July 30, 2009

  • The Wicker Picker Upper

    Last Saturday I felt lazy, so  I wandered across the street to have coffee with the neighbors who were in the midst of a garage sale.  They had it all:  baby stuff, quilts, old shoes, lamps without shades, more baby stuff,  and a whole lotta wicker goin' on. 

     
    Personally, I never understood America's fascination with wicker;  it's too darn stiff and I never got used to that godawful crunch sound every time I sit in a wicker chair (furniture shouldn't be "extra crispy").  Other people like wicker, however.  In fact, the neighbor-lady up the road LOVES wicker.  When she pulled up to the driveway in her SUV, I saw her eyes lit up.  She was gazing upon the wicker that dreams are made of:  A giant "Morticia Addams" chair and a bench to go along with it.  The price?  Twenty bucks, but since she was a neighbor an' all, she got the whole kit-and-kaboodle for two.
     
    Then came the dilemma.
     
    She couldn't fit her newly-purchased wicker in her SUV.  That's when Good Samaritan Me stepped up.   Feeling right neighborly, I announced, "No problem!  Let me carry them over to your house for you."   The neighbor-lady smiled, "You will?  That's great!  And listen, you don't even have to come up the road.  Bring it through the woods.  Just cut through that yard and find the path and then go across the field and you'll find my backyard."  Then she peeled out, leaving me in a cloud of SUV dust.
     
    So there I was, grappling with two giant pieces of wicker with loose wicker-sticks jutting out at dangerous angles, finding their way into my sensitive body parts.  As I cut through someone's yard I couldn't help but notice the big chain link fence with the words BEWARE OF DOG prominently displayed.  Deciding not to test the validity of the sign, I took an even firmer grip of the wicker and moved even faster. 
     
    Navigating this unwieldy crap through the dense forest, I began to feel a bit like an Appalachian (if Appalachians had wicker).  Branches were smacking me in the face, almost knocking my glasses off.  Briars and potential poison-ivy abounded.  There were random pieces of wood lying around, full of nails and tetanus.  I narrowly missed a few sinkholes.  I wondered if I would arrive alive.  
     
    Finally, there was a clearing.  It was the neighbor-lady's house.  I made it, and with only a few cuts and a pair of muddy sneakers.  
     
    The neighbor-lady happily snatched the wicker from my hands and rewarded me for my efforts by giving me a large unmarked bag of tortilla chips (which is why the wicker couldn't fit in the SUV in the first place; there were four giant crates of unmarked tortilla chips in the back).  In the olden days I would have been given a plucked chicken or a freshly baked pie, but these are different times, my friend.  All I got was a large unmarked bag of tortilla chips. 
     
    Anybody got salsa?

                                                                                                  ---- Ed Kaz

Comments (7)

  • I haven't had wicker furniture since 1977 when I went to work in the morning, a wicker chair in the apartment, and came home that evening, the wicker chair conspicuously absent, wicker detritus in small piles in the 1977 orange shag carpet and a contented look on the dog's face. 

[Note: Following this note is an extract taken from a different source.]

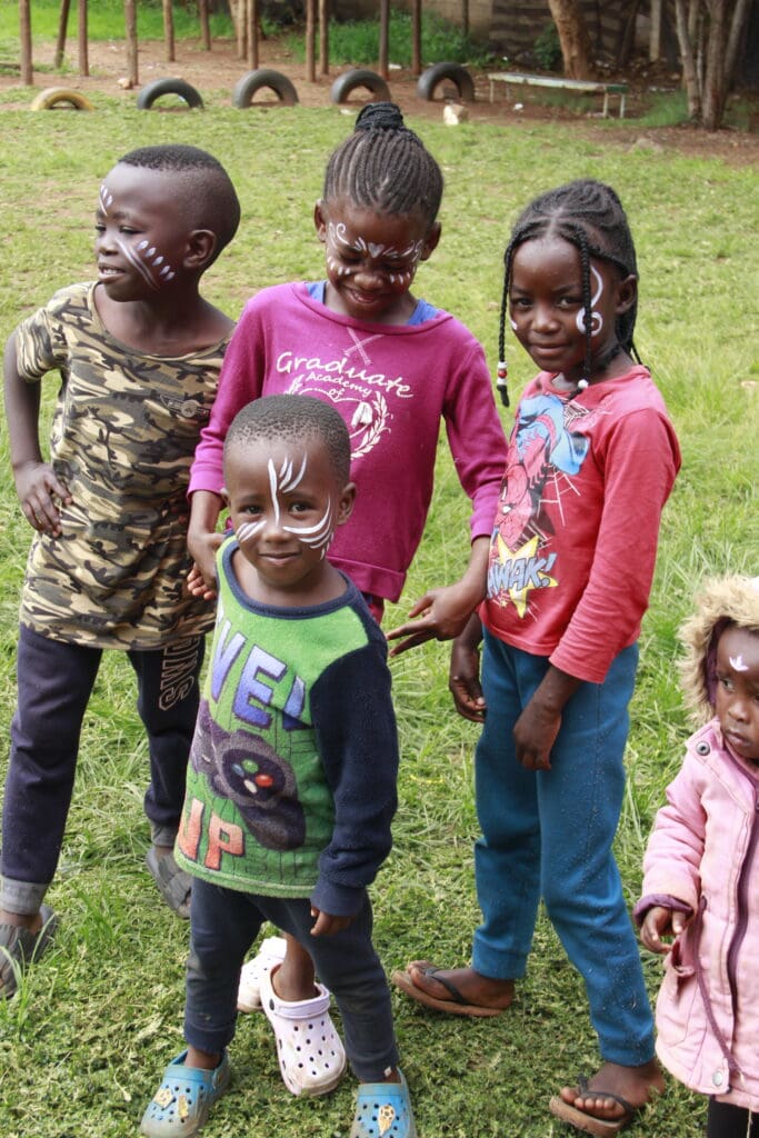 After the gifts were distributed, the fun continued with creative face painting sessions, where Tammi, Shoneez, and Amanda showcased their artistic talents, leaving the children with colorful designs. Meanwhile, Lucky and the other men got the boys involved in a lively game of soccer, full of running, laughing, and the occasional tumble. It was clear that everyone was having a blast.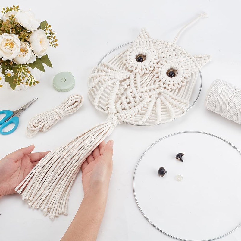 - HOCHWERTIGES MATERIAL:Das Makramee-Eulen-Set besteht aus Materialien von außergewöhnlicher Qualität, inklusive robuster Seile und aufwendig gestaltetem Zubehör, alles sorgfältig ausgewählt, um ein wunderbares Bastelerlebnis zu gewährleisten.

  • I don't like crunchy furniture either - but you were a good, brave and mighty neighbor lol

  • you can't make this stuff up - well, YOU could.. but i believe it...

  • that is a good "real story" and at least you got something for your good deed -remember the saying "no good deed goes unpunished"

  • And you had something to bribe the beware-worthy dog with, as the lady did not think to offer you a ride home.

  • Aren't you the good neighbor! What I'm trying to figure out thought is what kind of party she is planning with 4 cases of chips?

  • Wicker.  It's not just for breakfast anymore.